As you may recall, I wrote a little about the EPA's inexplicable denial of California's request for a waiver under the Clean Air Act. This waiver would have allowed California to increase its air quality requirements. California has, as expected, filed suit against the EPA seeking to overturn the agency's decision.
In the interim, however, something may have changed. That something would be the concept of federal preemption.
Now, as every law student who has finished their first semester of Constitutional Law can tell you, federal preemption means that the laws of the United States (both the Constitution and those passed by Congress) are the supreme laws of the land. When state regulations come into conflict with Federal laws or regulations, the Federal rules prevail. Now, that is the simple version. The more complicated version of preemption is whether the Federal law actually meant to completely preempt the states from introducing additional legislation which would enhance the Federal law.
Tucked away within the new fuel standards, which the EPA is basing its refusal upon, is a provision which says that individual state attempts to regulate tailpipe emissions are an impediment to the Federal standards. Therefore, they are specifically pre-empted by the rule. Another instance of Federal preemption by rule-making.
Now, there has been an argument that preemption by rule, especially where the statute is silent on the issue, is improper. Not only may this be improper, but the agencies undertaking to preempt by rules are ill-equipped to to police the products or areas which they have essentially deprived states or individuals from having any jurisdiction to act.
The only problem with this argument, is that it seems to be losing one. Between the time that the EPA rejected California's application and today, the Supreme Court handed down the decision in the case of Riegel v. Medtronic.
In Reigel, Riegel underwent a surgery which required the use of a catheter for his heart. Unfortunately, the catheter was defective and failed. What should have been a fairly routine procedure to treat an myocardial infarction required Riegel to be placed on life support and subjected to a second surgery, an emergency coronary bypass surgery. Among the causes of action alleged in their complaint, filed in U.S.D.C for the Northern District of New York, were claims based on New York state law. New York state law has a higher standard for medical devices.
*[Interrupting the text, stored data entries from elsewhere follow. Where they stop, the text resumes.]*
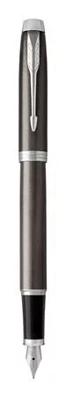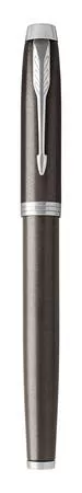Töltőtoll, ezüst színű klip, sötétbarna tolltest, PARKER 'Royal IM'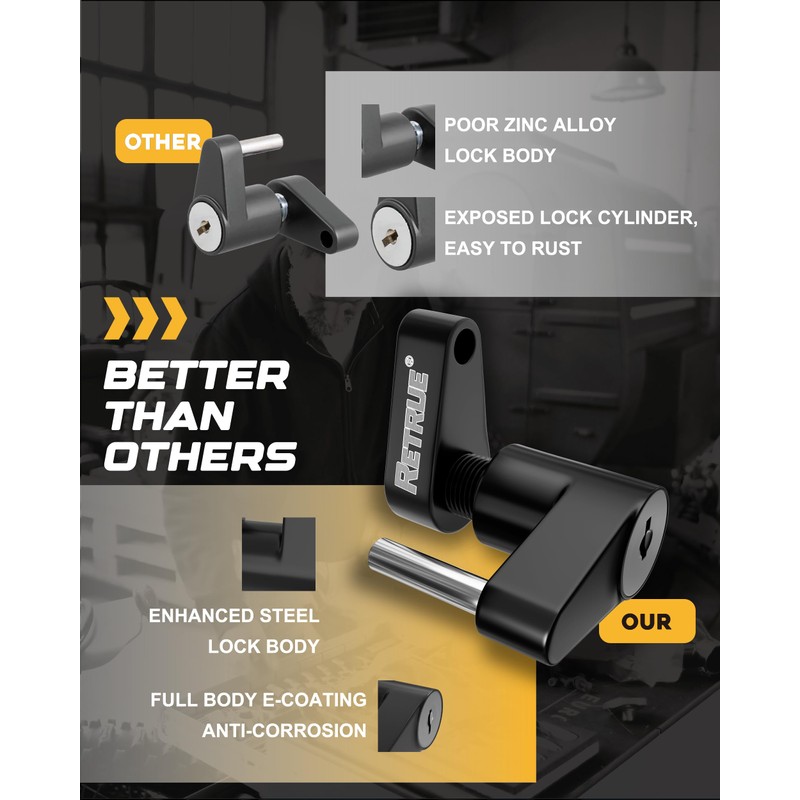 RETRUE Trailer Tongue Coupler Lock, Trailer Hitch Lock,Dia 1/4 Inch, 3/4 Inch Span for Tow Boat RV Truck Car's Coupler (Pack of 2, Black)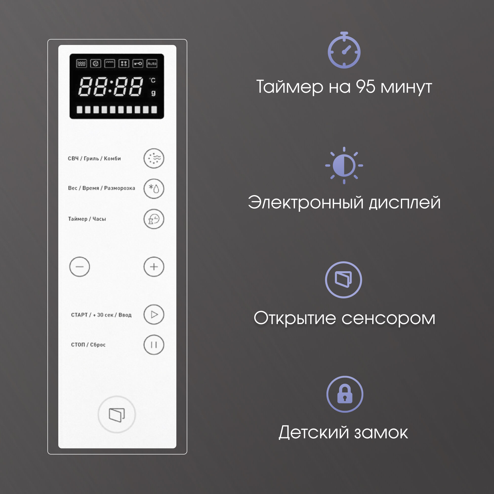| Режимы работы | гриль / микроволны + гриль / разморозка |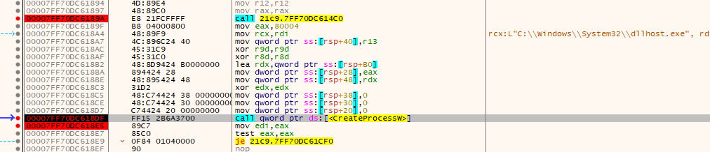 - NtAllocateVirtualMemory → allocate memory in the remote dllhost.exe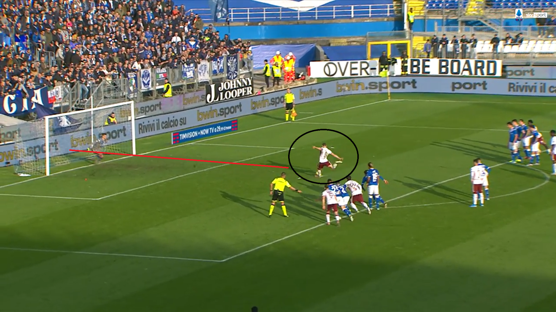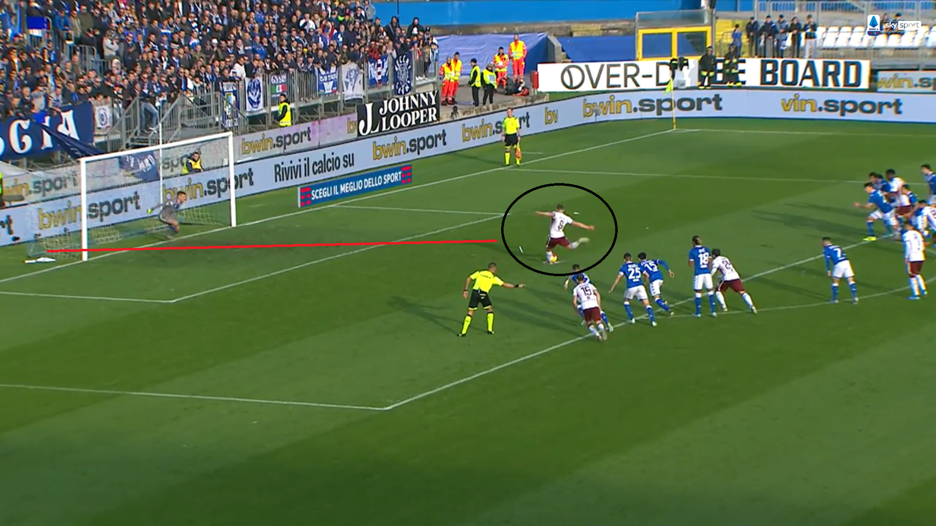 Il Gallo va per tirare il rigore, con la sua consueta tranquillità: il tiro è perfetto, preciso tanto da battere il portiere del Brescia.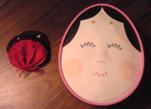 目・鼻・口で happy happy new year と書かれてます。
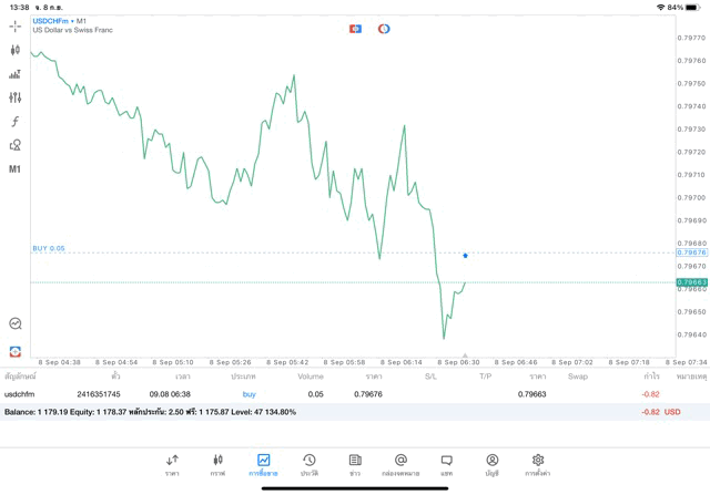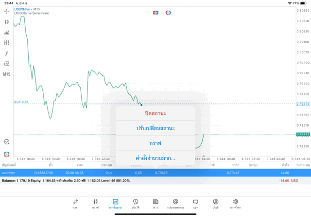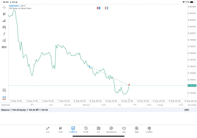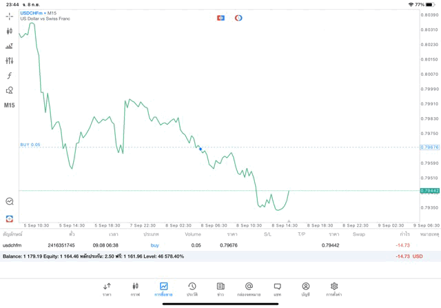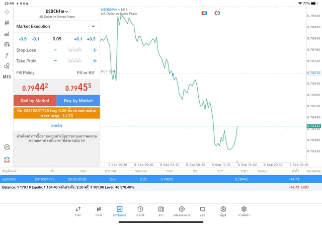 การเทรด Forex USDCHF 0.05 lot แอพ MT5
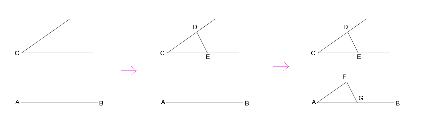 在已知线段AB两端引出两条AC、BC交于AB上方C点。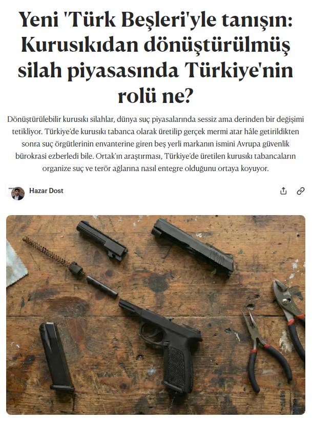 Hazar Dost, Aposto’da “Yeni 'Türk Beşleri'yle tanışın: Kurusıkıdan dönüştürülmüş silah piyasasında Türkiye'nin rolü ne?” başlığıyla yayımlanan haberiyle Yazılı Haber Ödülü’nü kazandı. Türkiye’de üretilen gerçek mermi atar hale dönüştürülebilir kurusıkı silahların, suç örgütlerinin envanterine girdiğini anlatan Dost’un haberi, aynı zamanda bir “araştırmacı gazetecilik” örneği.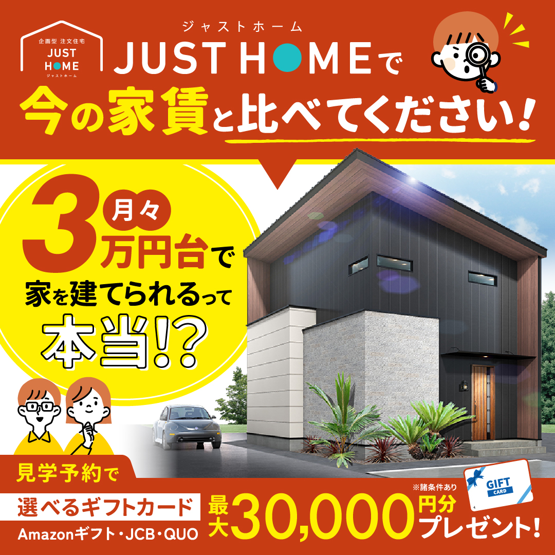 ジャストホームは、「家賃並みの支払いで、家族にぴったりのマイホームを」という想いから生まれた、ローコスト住宅ブランドです。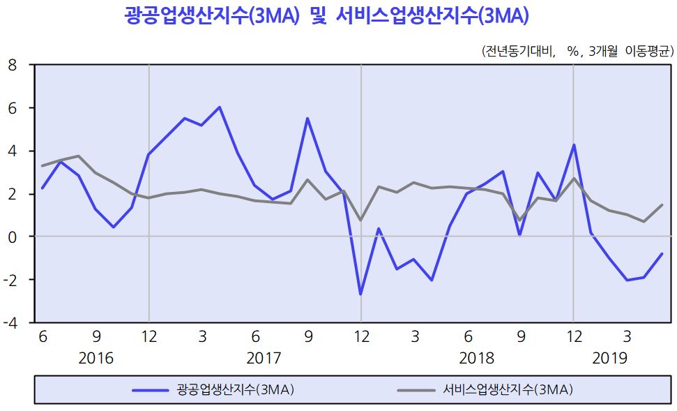 KDI 관계자는 "제조업 출하도 내수와 수출 모두 감소했고 재고율은 높은 수준을 이어가고 있다"며 "동행지수와 선행지수 순환변동치도 기준보다 낮은 수준을 지속하는 등 전반적인 경기 부진이 계속되고 있다"고 설명했다.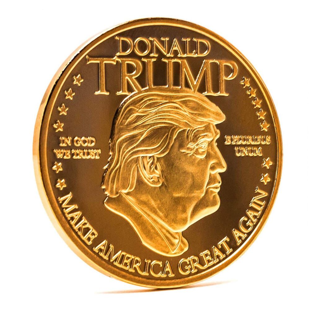 Make America Great Again! This Golden coin features President Trump and his iconic signature on one side and his bust on the other. Show your support for a great America with this commemorative coin.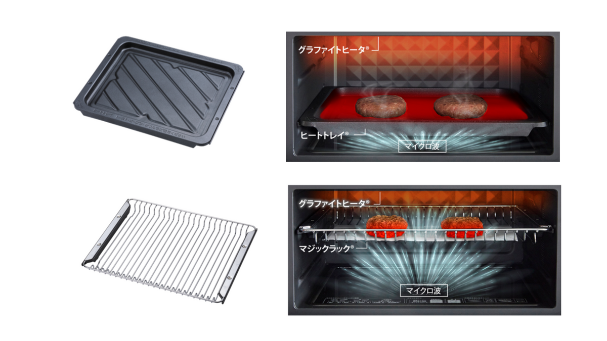 調理メニューは「リベイク」「解凍」「グリル」「トースト」など8種類を搭載し、全55品を掲載したレシピブックが付属。また、マイクロ波に反応して高温になることで食材を裏面からもしっかり加熱できる「ヒートトレイ」と、金属製ながらレンジ加熱でも使用できる「マジックラック」という2種類の専用付属品も用意される。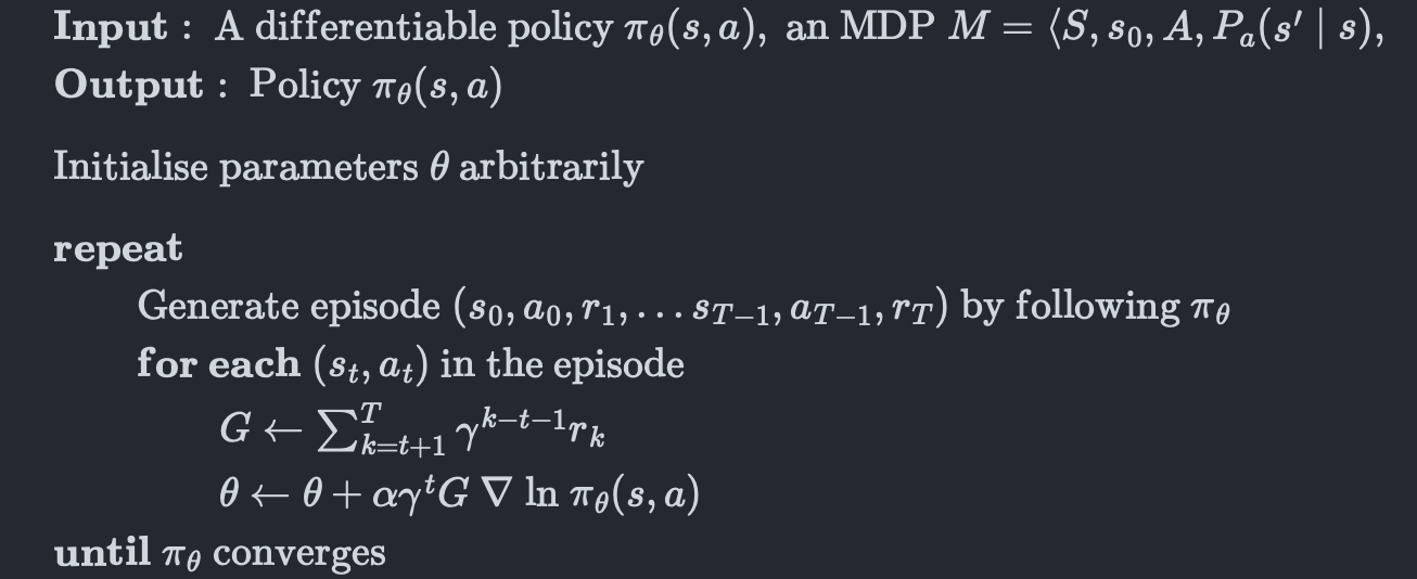 The algorithm iteratively generates and executes new actions $a$, by sampling from its policy. Once an episode terminates, a list of the obtained rewards and visited states is used to update the policy. Hence, the policy is only updated at the end of each episode. REINFORCE is an on-policy learning approach (sample trajectories directly from $\pi_{\theta}$).

Medtronic defended on the grounds that the Riegel's case was barred because of the Medical Device Amendments of 1976. Specifically, Medtronic argued that because the FDA had approved the design, there could be no causes of action for strict liability, breach of implied warranty, negligence in design, or negligence in manufacturing. The reasoning for this was that the FDA had already reviewed the product, put it through tests of its own and passed it in a form which the FDA's tests have shown will make the product safe and effective.
So how does this relate back to California's case against the EPA? Well, the first things that defending attorneys like to do is try and knock a case out without ever reaching the merits. Especially when on the merits, it looks like the EPA abused it discretion to grant or not grant a waiver to the State of California. A fair reading of a the Riegel decision could be extended to California's suit against the EPA.
The rationale, however, may break down because the factual situation is slightly different. The Clean Air Act, which is the law which establishes federal minimum for air quality, gives that job to the EPA. However, the EPA is relying on a regulation which has been promulgated by the National Highway Traffic Safety Administration. This is important because really waht the NHTSA deals with are cars, fuel efficiency, and attendant safety issues. Their own mission statement states, "Our Mission: Save lives, prevent injuries, reduce vehicle-related crashes." On the other hand, the EPA is supposed to be about environmental regulation.
The Riegel decision was premised, in part, on the fact that FDA is the agency which is ultimately supposed to be responsible for medical devices. They test them. They approve them. They have statutory authority for them to regulate. Completely unlike the situation that exists here. Right? Well, then we get into a conflict between the statutes. And depending on how the statutes are interpreted by the courts, they could come to the opinion that one takes precedence over the other or that both should be given equal reading because they are not mutually exclusive when it comes to this issue.
However, the Bush Administration, in its effort to fight torts has been pushing this agenda, so I would not be surprised to see the argument made that California is completely preempted by the NHTSA's regulation.
Then again, maybe I am just looking for problems where there are none to be had. Perhaps this will go as it should, just as it was predicted by the EPA's own in-house legal department.